** GIVEN MATERIAL follows **

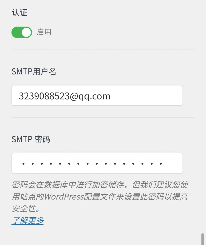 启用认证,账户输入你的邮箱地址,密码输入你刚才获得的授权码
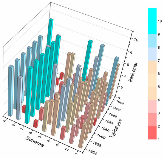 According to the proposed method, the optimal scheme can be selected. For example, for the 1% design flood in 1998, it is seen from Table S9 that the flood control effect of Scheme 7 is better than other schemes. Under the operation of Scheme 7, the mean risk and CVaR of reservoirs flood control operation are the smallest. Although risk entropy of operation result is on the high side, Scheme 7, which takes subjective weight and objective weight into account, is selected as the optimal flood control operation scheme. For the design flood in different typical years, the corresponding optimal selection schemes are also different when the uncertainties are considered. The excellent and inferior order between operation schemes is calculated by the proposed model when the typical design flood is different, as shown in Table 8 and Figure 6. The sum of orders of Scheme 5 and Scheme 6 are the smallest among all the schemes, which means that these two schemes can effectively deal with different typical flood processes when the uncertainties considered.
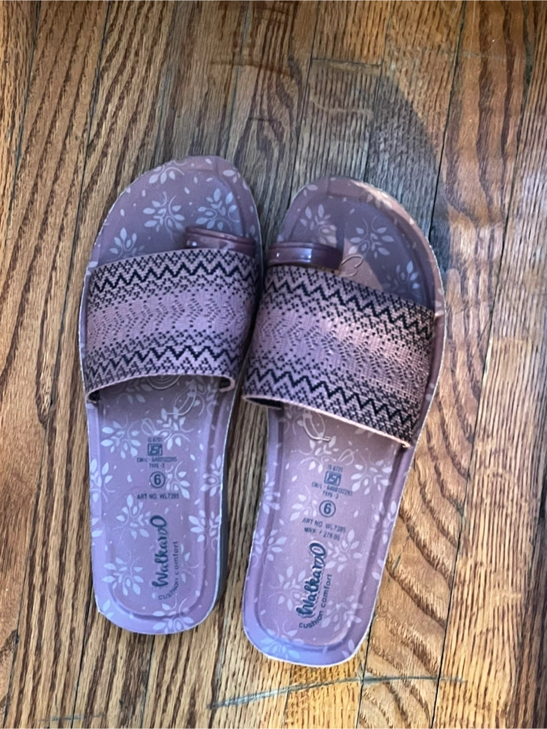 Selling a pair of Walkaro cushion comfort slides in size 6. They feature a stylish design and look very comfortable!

** End of GIVEN MATERIAL **

WORK ORDER:
Omit every picture while printing the data word for word.

EXPECTED ANSWER:
 启用认证,账户输入你的邮箱地址,密码输入你刚才获得的授权码
 According to the proposed method, the optimal scheme can be selected. For example, for the 1% design flood in 1998, it is seen from Table S9 that the flood control effect of Scheme 7 is better than other schemes. Under the operation of Scheme 7, the mean risk and CVaR of reservoirs flood control operation are the smallest. Although risk entropy of operation result is on the high side, Scheme 7, which takes subjective weight and objective weight into account, is selected as the optimal flood control operation scheme. For the design flood in different typical years, the corresponding optimal selection schemes are also different when the uncertainties are considered. The excellent and inferior order between operation schemes is calculated by the proposed model when the typical design flood is different, as shown in Table 8 and Figure 6. The sum of orders of Scheme 5 and Scheme 6 are the smallest among all the schemes, which means that these two schemes can effectively deal with different typical flood processes when the uncertainties considered.
 Selling a pair of Walkaro cushion comfort slides in size 6. They feature a stylish design and look very comfortable!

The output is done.